As an integer, NaN is greater than infinity is greater than finite values. If you try an unsigned compare, all the negative values will be larger than the positive values, just like signed integers cast to unsigned.
If you truly truly don't care about what the conversion yields, it isn't too hard. But the results are extremely non-portable, and you almost certainly won't get an ordering that at all resembles what you'd get by comparing the floats directly.
typedef unsigned int TypeWithSameSizeAsFloat; //Fix this for your platform
bool compare1(float one, float two)
union Convert {
float f;
TypeWithSameSizeAsFloat i;
}
Convert lhs, rhs;
lhs.f = one;
rhs.f = two;
return lhs.i < rhs.i;
}
bool compare2(float one, float two) {
return reinterpret_cast<TypeWithSameSizeAsFloat&>(one)
< reinterpret_cast<TypeWithSameSizeAsFloat&>(two);
}
Just understand the caveats, and chose your second type carefully. Its a near worthless excersize at any rate.
In a word, no.

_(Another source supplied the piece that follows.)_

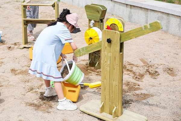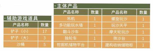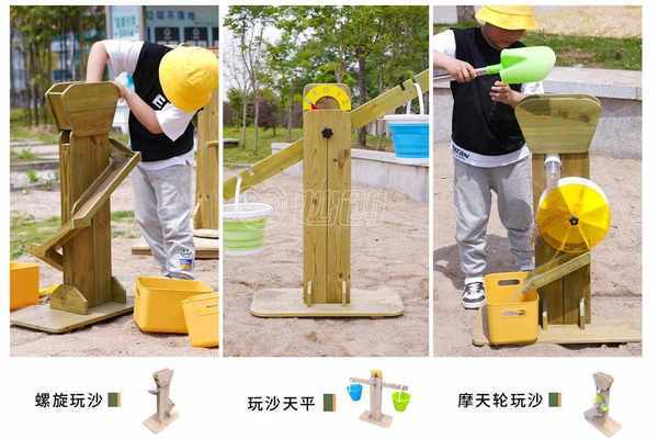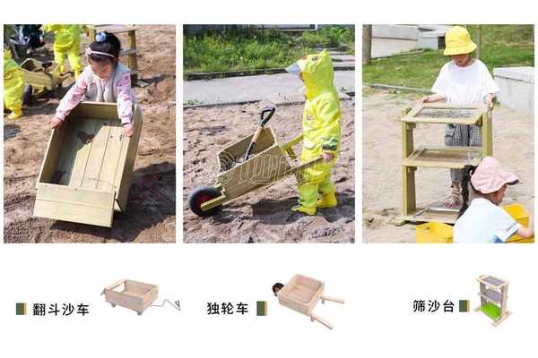翻斗沙车是收纳沙子的翻斗游戏车,拉动把手可以快速清空沙子;独轮车负责把沙子运往目的地;筛沙台通过晃动绳网来筛出沙子,以便区分出沙子的粗细。

IEEE 754 might allow some kinds of hacks like this, but they do not work all the time and handle all cases, and some platforms do not use that floating point standard (such as doubles on x87 having 80 bit precision internally).
If you're doing this for performance reasons I suggest you strongly reconsider -- if it's faster to use the integer comparison the compiler will probably do it for you, and if it is not, you pay for a float to int conversion multiple times, when a simple comparison may be possible without moving the floats out of registers.
Maybe I'm misreading the question, but I suppose you could do this:
bool compare(float a, float b)
{
return *((unsigned int*)&a) < *((unsigned int*)&b);
}
But this assumes all kinds of things and also warrants the question of why you'd want to compare the bitwise representations of two floats.